Saturday, January 7, 2012

Will the Activist Consumer Come to Apartmentland?

Paul Polman, the CEO of the consumer products behemoth Unilever, was recently quoted in The Wall Street Journal as saying, "Where we had activist investors in the 2000s, we will see activist consumers this decade." Over the past few months activist consumers armed with a social networking infrastructure have over-turned what appeared to be arbitrary and capricious debit card fees at the Bank of America and billing fees at Verizon Wireless. What the B of A and Verizon have in common is high switching costs. This same factor holds true, even more so, for apartment tenants.

To be sure the apartment business is far more decentralized than wireless services and banking, but make no mistake it is certainly susceptible to the same type of consumer activism. Afterall what can seem more arbitrary than tenants paying different prices for essentially the same apartment unit; a phenomenon created by the use of airline-type yield management software now utilized by large landlords. Furthermore with hotter markets on both coasts exhibiting rental increases well in excess of wage growth, it doesn't take a genius to figure out that tech savvy consumers will soon link up to share information and start to raise a ruckus.
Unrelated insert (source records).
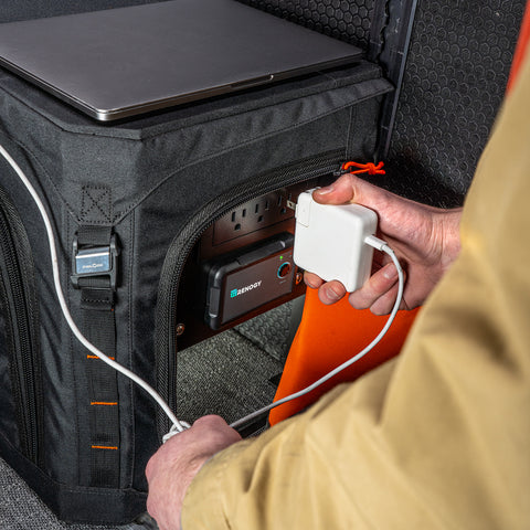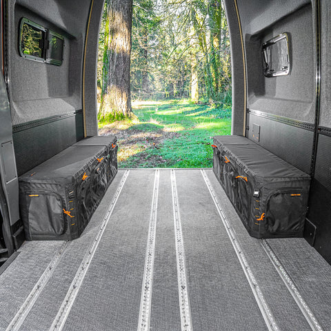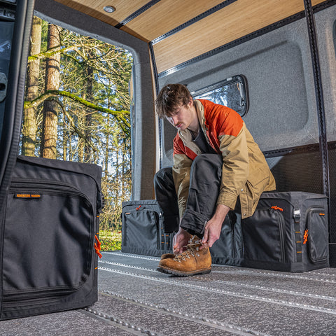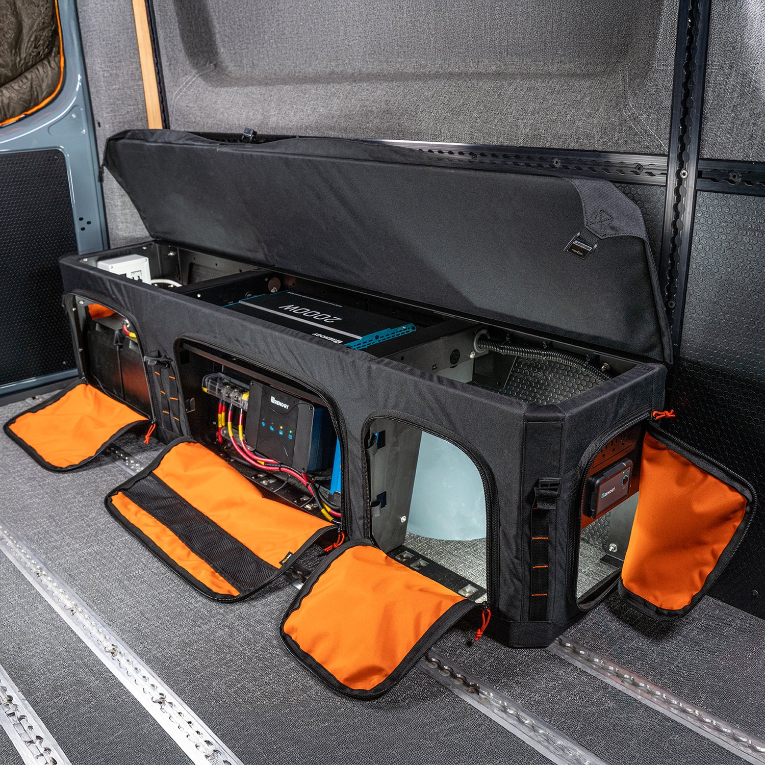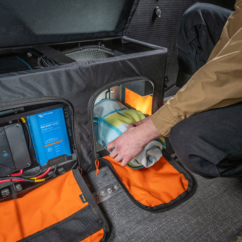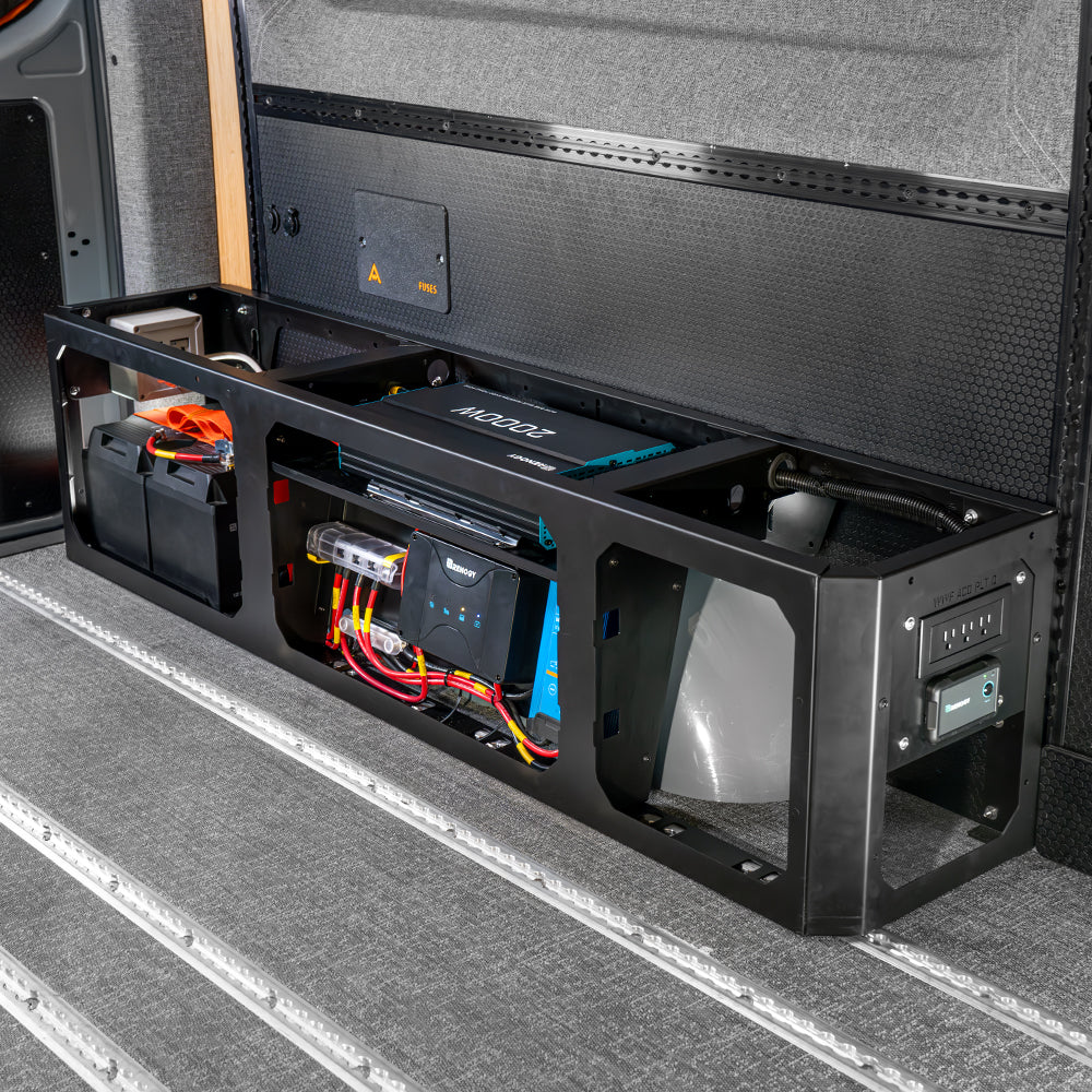 Housed in a GOAT Wheel Well Storage Locker, our new 200 Ah Electrical System integrates seamlessly with the Adventure Wagon cabin wiring harness. The system charges from your vehicle’s alternator, and has options to add solar charging, shore power, and a 120V inverter for a complete and versatile power source. These options can be added at the time of purchase, or over time as your van build evolves.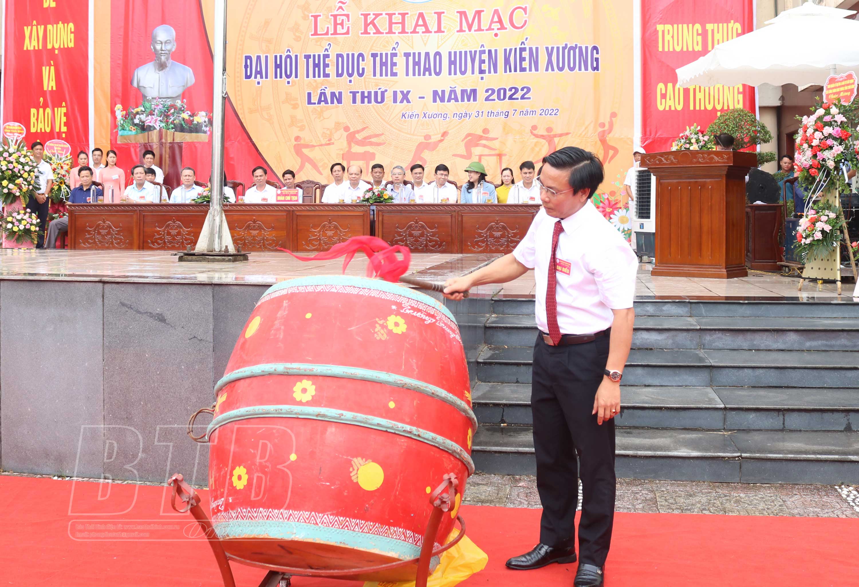 Lãnh đạo huyện Kiến Xương đánh trống khai mạc Đại hội.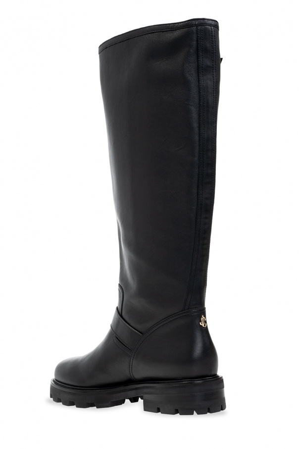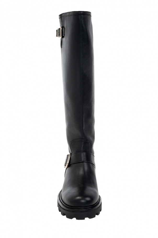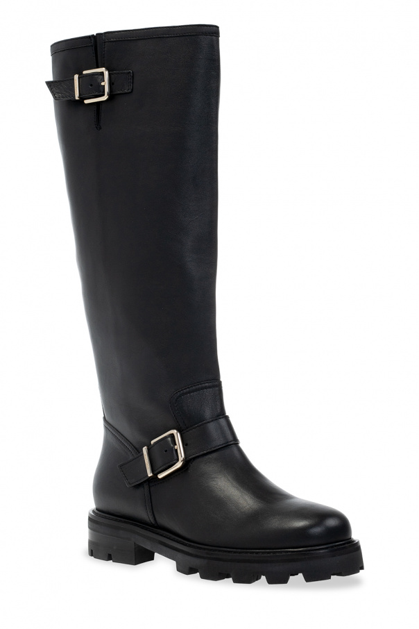 Black ‘Biker II’ heeled boots from Jimmy Choo. Made of leather, this design features adjustable buckle straps and a black rubber sole.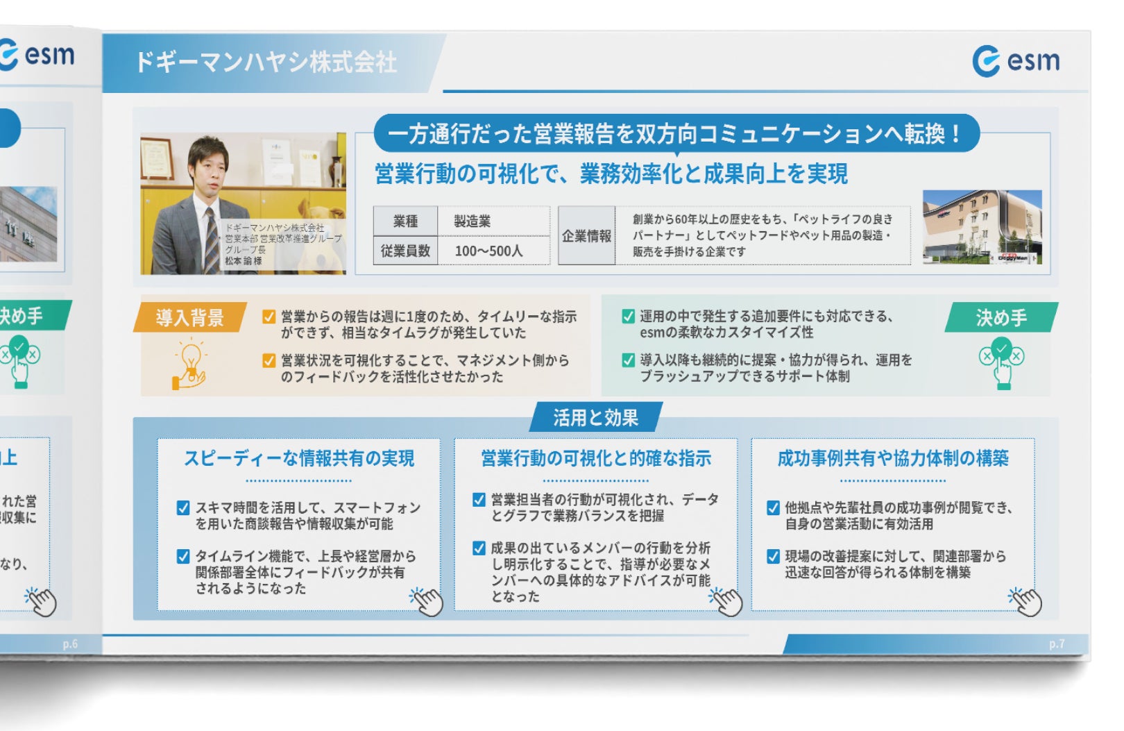 本資料では、これまでのesm(eセールスマネージャー)導入実績の中から、業種や規模の異なる7社を選出しました。各社の課題、eセールスマネージャーの導入によって得られた効果、その活用方法に焦点を当ててご紹介します。皆様の営業活動における脱属人化や営業プロセスの改善、そして持続的な成長を実現するための一助となれば幸いです。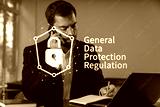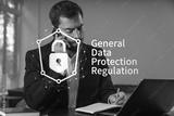 Businessman on phone with GDPR lock symbol and text on transparent overlay.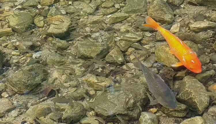 찾아주신 고마운님께 관악산 호수공원 입구에서 반겨주던 요 다홍꽃 한송이 드립니다. 귀하신 걸음걸음에 감사드립니다. 아래 요 잉어는 오늘(7월10일 일요일) 아침산책시 관악산 물놀이장에서 만난 잉어 두마리입니다. 사람이 가까이 가면 도망가던 황금잉어가 먹이를 주었더니 계속 주변에서 어른 거리며 우릴 즐겁게 해 주었습니다. 두마리가 이렇듯 짝을 지어 다니는 모습이 참 평화롭고 행복해 보였지요. 덩달아 행복했습니다. 작은 물고기들도 모여들어 장관을 이루었지요. 물놀이장의 아름답고도 생동감있는 생생한 물고기들를 만나 보세요.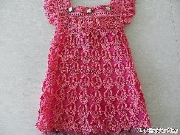 Платье ,вязанное крючком, захотелось связать))) симпатичное такое. Спасибо)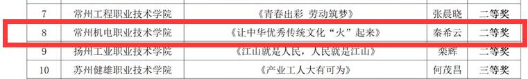 近日,由江苏省高校网络思想政治工作中心主办的2022年度江苏省高校网络思政“金微课”征集评选活动结果公布,我校机械工程学院辅导员秦希云的微课作品《让中华优秀传统文化“火”起来》获高职组二等奖。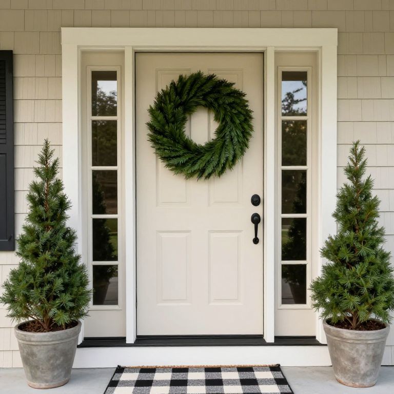 Natural green wreath adorns a classic cream-colored front door flanked by two glass-paneled sidelights, complemented by black hardware and framed by potted evergreens on either side, set against a light beige shiplap exterior wall and accented by a checkered black-and-white rug on the gray concrete porch.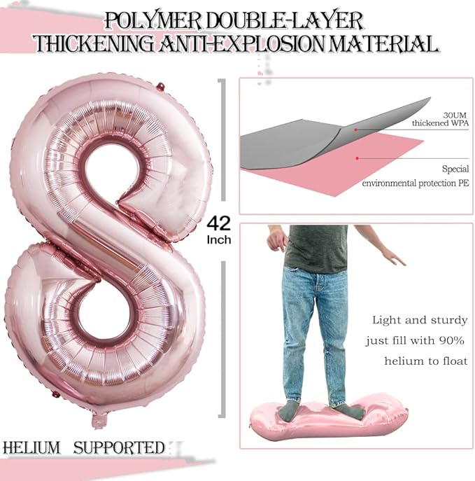 • 2 pcs Number 8 Balloons in Package,Double Guarantee for the 8th Birthday Party or 88th Birthday Party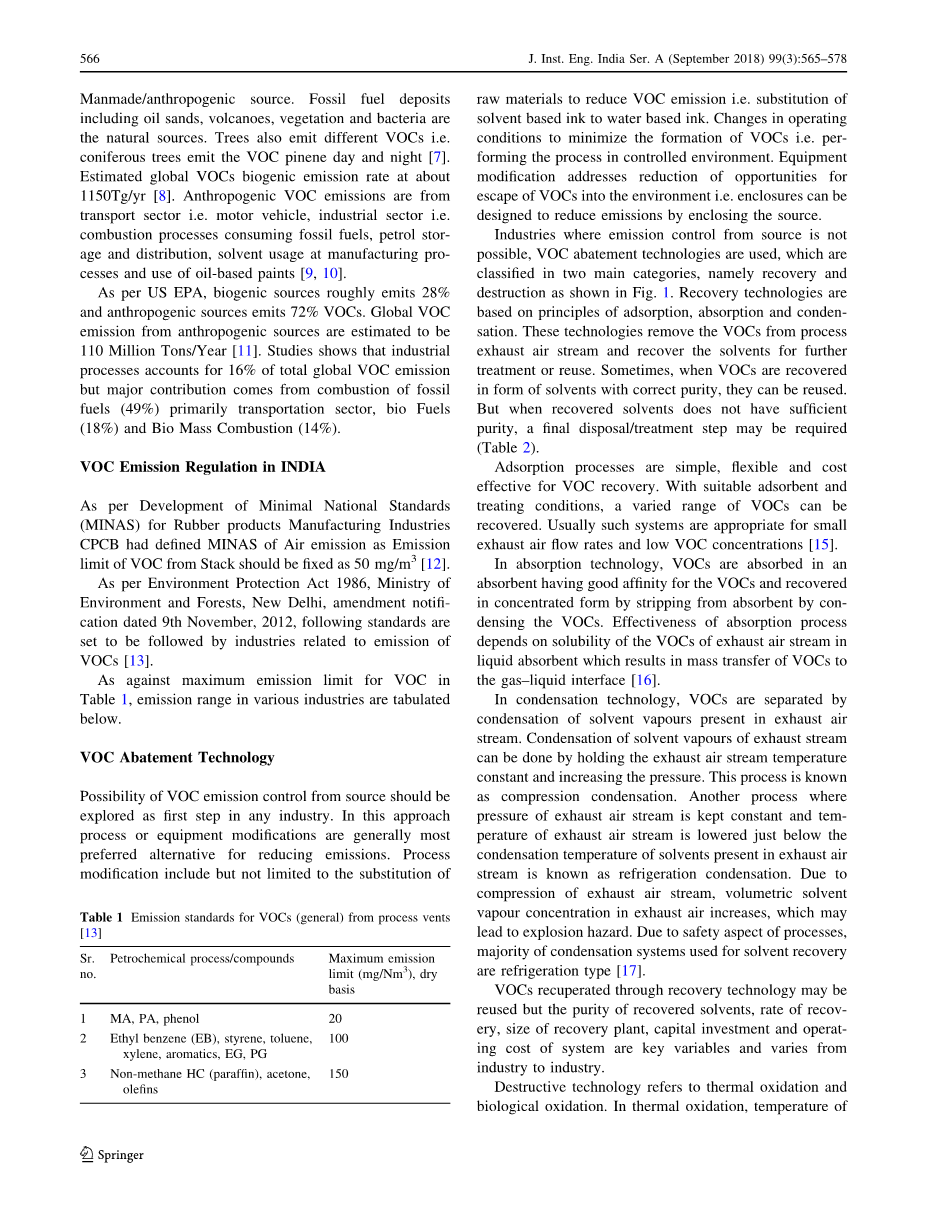 根据橡胶制品制造业最低国家标准(MINAS),CPCB已将空气排放的MINAS确立为烟囱中VOC的排放限值应固定为50 mg / m3 [12]。根据新德里环境和森林部的1986年《环境保护法》,2012年11月9日的修正案规定,与排放挥发性有机化合物有关的行业将遵循以下标准[13]。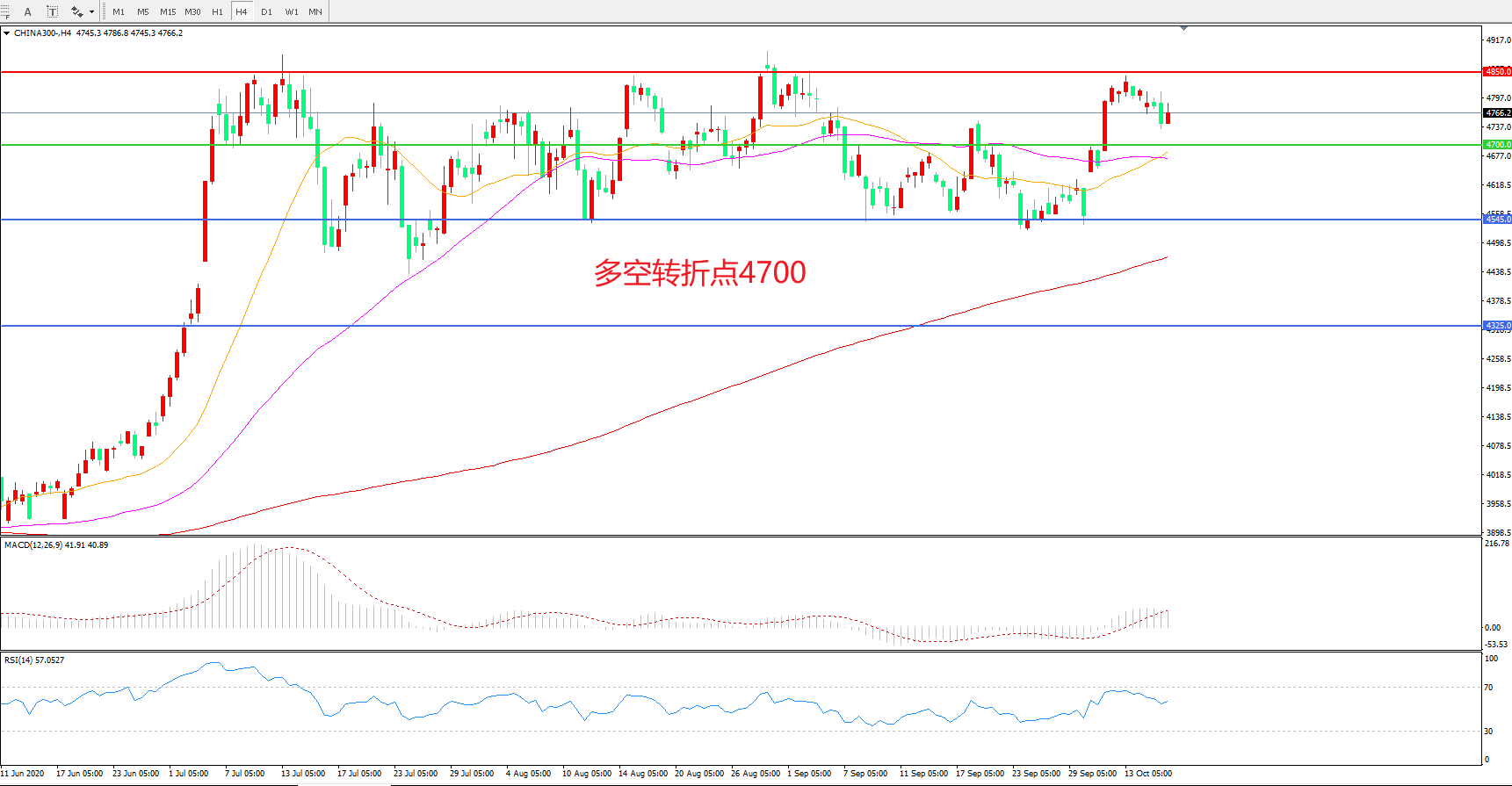 上周五(10月15日),A股三大指数出现震荡调整的走势,多数个股出现下跌,沪深300震荡下行,收报4766.2点。市场表现较为低迷,总体赚钱效应一般。回顾假期后的第一周行情,虽然指数并没能延续强势特征,但是目前资本市场的整体环境依然比较友好。这个“友好”,不仅体现在经济基本面上,而且还反映在管理层的政策支持以及投资者信心上。从短期来看,在连续的盘整过后,市场将面临一定的方向选择,这也意味着本周的A股市场走势将变得尤为关键。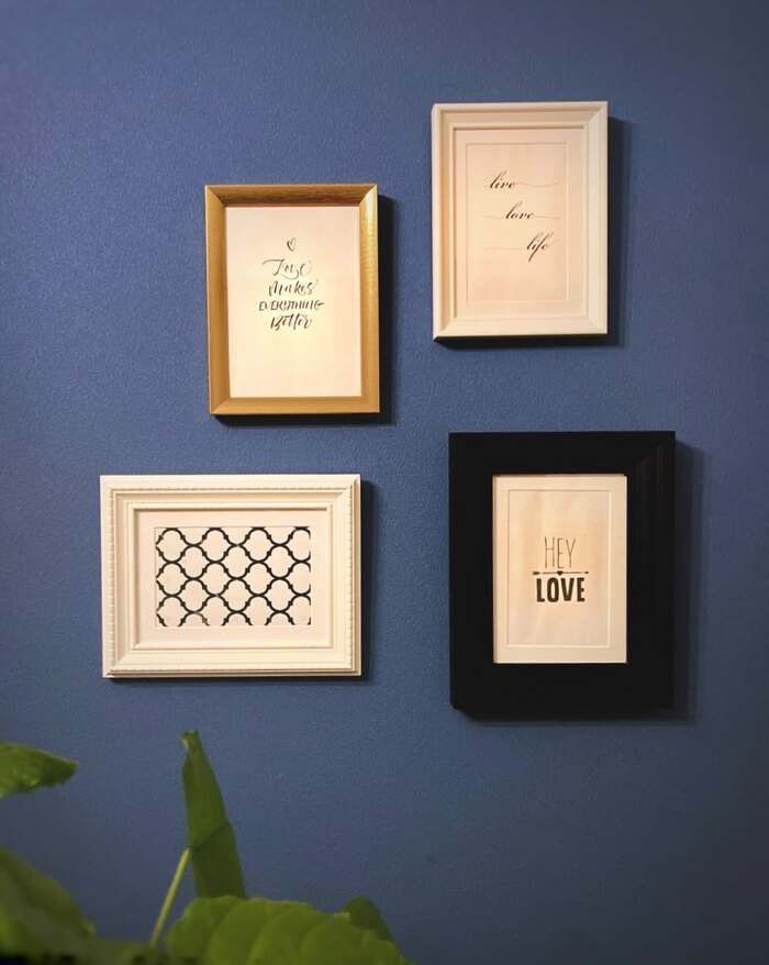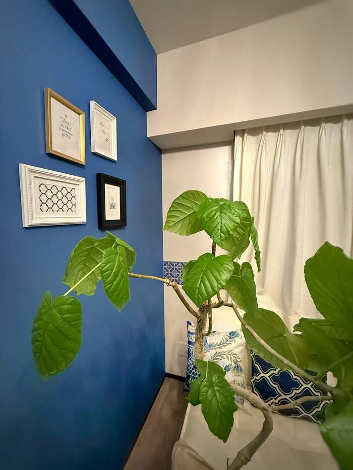 「好きな言葉や柄を額に入れて飾り、本を読んだり 、絵を描いたり 。自分の魂が喜ぶ時間を過ごす場所は、ブルーの心鎮静させる色の壁に」と、青色の壁にこだわりを持っている様子のアン ミカさん。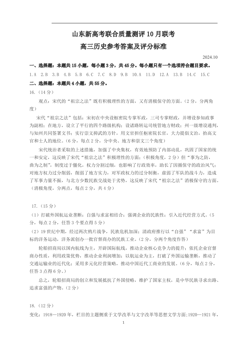 山东新高考联合质量测评高三10月联考试题 历史答案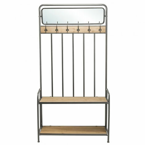 Meuble d’entrée porte-manteau bois Sapin et métal avec miroir 2 étagères. Dimensions : 102 x 38 x 198 cm. Article en Sapin et Métal. Découvrez des meubles liant parfaitement la chaleur du bois avec le style industriel du métal pour décorer votre intérieur avec élégance.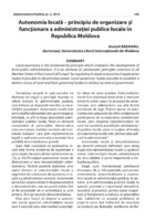 Autonomia locală – principiu de organizare şi funcţionare a administraţiei publice locale în Republica Moldova Local autonomy is the fundamental principle which underpins the development of local public administration. It is an element of „democratic principles common to all Member States of the Council of Europe” by regulating its legal and practical application makes it possible to decentralize power. Local autonomy makes possible to establish a distinct status of local and their governing bodies in relation to central government.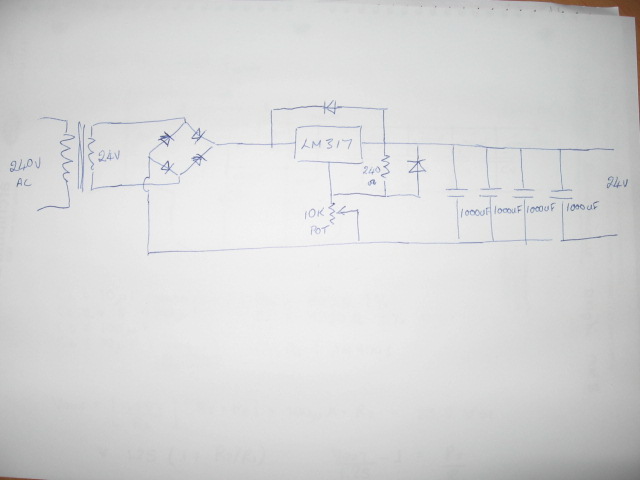 "It uses a quality 240/24 volt transformer, diode rectifier set, followed by a LM317 voltage regulator and 4 1000uf caps."

Because of decade low vacancy rates and rising rents, apartments have been the darling of real estate and REIT investors over the past few years. Although rent growth has slowed somewhat in recent months, most investors continue to project out-sized increases over the next few years, especially in Manhattan, Washington, D.C. and the greater San Francisco Bay area. I would doubt that not one in a hundred real estate investors are factoring in the liklihood that their industry will soon be the target of the new activist consumer. The bottom line is that it is highly likely that the apartment sector will soon face headline and in some cases real economic risk to the rosy rent projections now being forecast.